**DATA EXTRACT:**
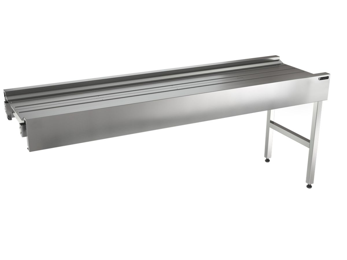 2015х600х850мм, ширина используемой ленты 450мм. Перемещение посуды может осуществляться как поштучно, так и на подносах. Максимальная длина транспортера – до 20 метров.
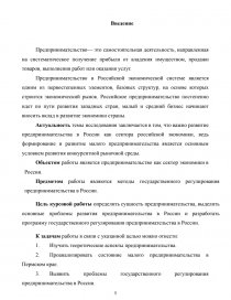 Цель курсовой работы определить сущность предпринимательства, выделить основные проблемы развития предпринимательства в России и разработать программу государственного регулирования предпринимательства в России.
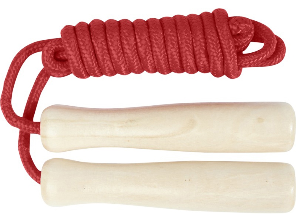 С этой скакалкой ваши дети смогут одновременно заниматься физической активностью и весело играть. Трос из полиэстера представлен в разных ярких цветах, которые привлекают внимание ребенка, а ручки сделаны из дерева. Длина троса составляет 245 см, поэтому эта скакалка подходит для детей ростом до 160 см. В качестве экологически чистого варианта декорирования рекомендуется лазерная гравировка.

**DIRECTIONS:** From the first line to the last, output the data exactly, without the pictures.

**WRITTEN ANSWER:**
 2015х600х850мм, ширина используемой ленты 450мм. Перемещение посуды может осуществляться как поштучно, так и на подносах. Максимальная длина транспортера – до 20 метров.
 Цель курсовой работы определить сущность предпринимательства, выделить основные проблемы развития предпринимательства в России и разработать программу государственного регулирования предпринимательства в России.
 С этой скакалкой ваши дети смогут одновременно заниматься физической активностью и весело играть. Трос из полиэстера представлен в разных ярких цветах, которые привлекают внимание ребенка, а ручки сделаны из дерева. Длина троса составляет 245 см, поэтому эта скакалка подходит для детей ростом до 160 см. В качестве экологически чистого варианта декорирования рекомендуется лазерная гравировка.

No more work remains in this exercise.